(Material shown)
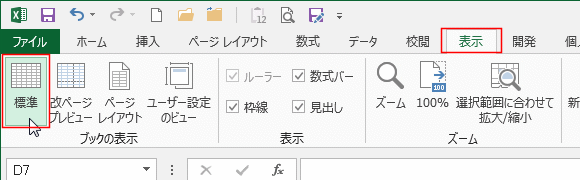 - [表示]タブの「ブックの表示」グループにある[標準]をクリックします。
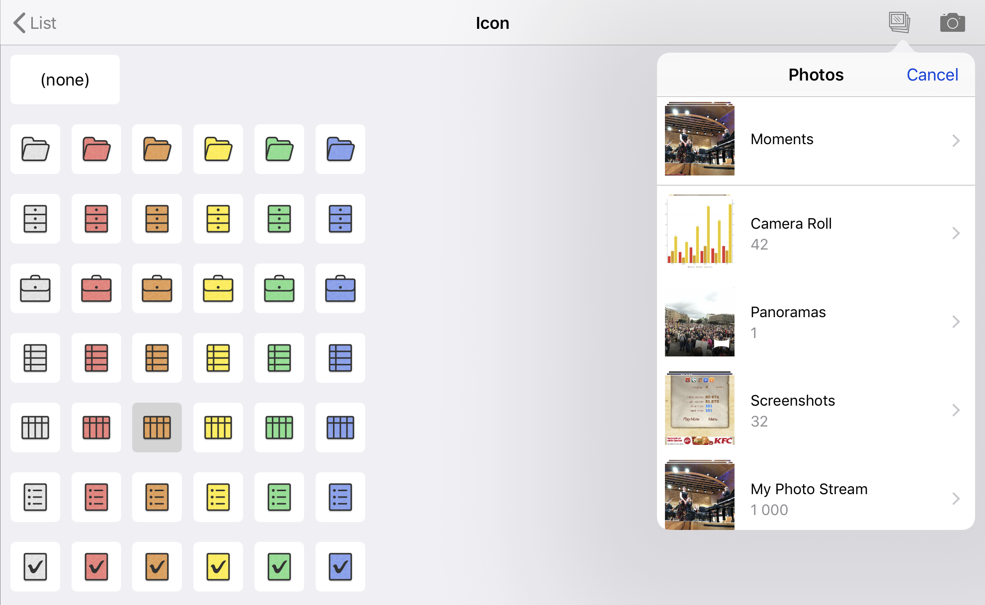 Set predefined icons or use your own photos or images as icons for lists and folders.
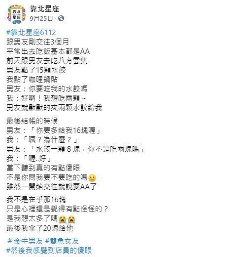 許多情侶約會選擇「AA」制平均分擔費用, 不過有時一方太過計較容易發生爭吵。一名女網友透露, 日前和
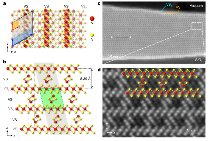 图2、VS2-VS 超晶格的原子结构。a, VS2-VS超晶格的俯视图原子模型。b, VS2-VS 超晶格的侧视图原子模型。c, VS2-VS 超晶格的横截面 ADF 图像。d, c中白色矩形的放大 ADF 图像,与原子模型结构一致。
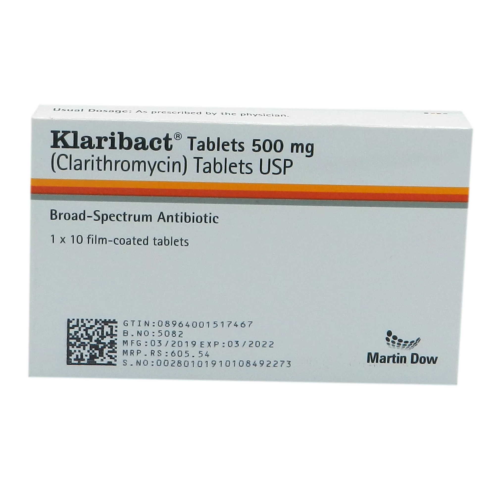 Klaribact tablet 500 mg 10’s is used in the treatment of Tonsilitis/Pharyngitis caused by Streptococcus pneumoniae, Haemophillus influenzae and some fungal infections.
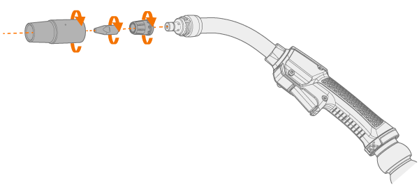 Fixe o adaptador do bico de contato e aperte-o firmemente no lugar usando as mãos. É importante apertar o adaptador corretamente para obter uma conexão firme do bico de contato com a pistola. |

(Directions)
Print the listing exactly, pictures excluded.

(Solution for this exercise)
 - [表示]タブの「ブックの表示」グループにある[標準]をクリックします。
 Set predefined icons or use your own photos or images as icons for lists and folders.
 許多情侶約會選擇「AA」制平均分擔費用, 不過有時一方太過計較容易發生爭吵。一名女網友透露, 日前和
 图2、VS2-VS 超晶格的原子结构。a, VS2-VS超晶格的俯视图原子模型。b, VS2-VS 超晶格的侧视图原子模型。c, VS2-VS 超晶格的横截面 ADF 图像。d, c中白色矩形的放大 ADF 图像,与原子模型结构一致。
 Klaribact tablet 500 mg 10’s is used in the treatment of Tonsilitis/Pharyngitis caused by Streptococcus pneumoniae, Haemophillus influenzae and some fungal infections.
 Fixe o adaptador do bico de contato e aperte-o firmemente no lugar usando as mãos. É importante apertar o adaptador corretamente para obter uma conexão firme do bico de contato com a pistola. |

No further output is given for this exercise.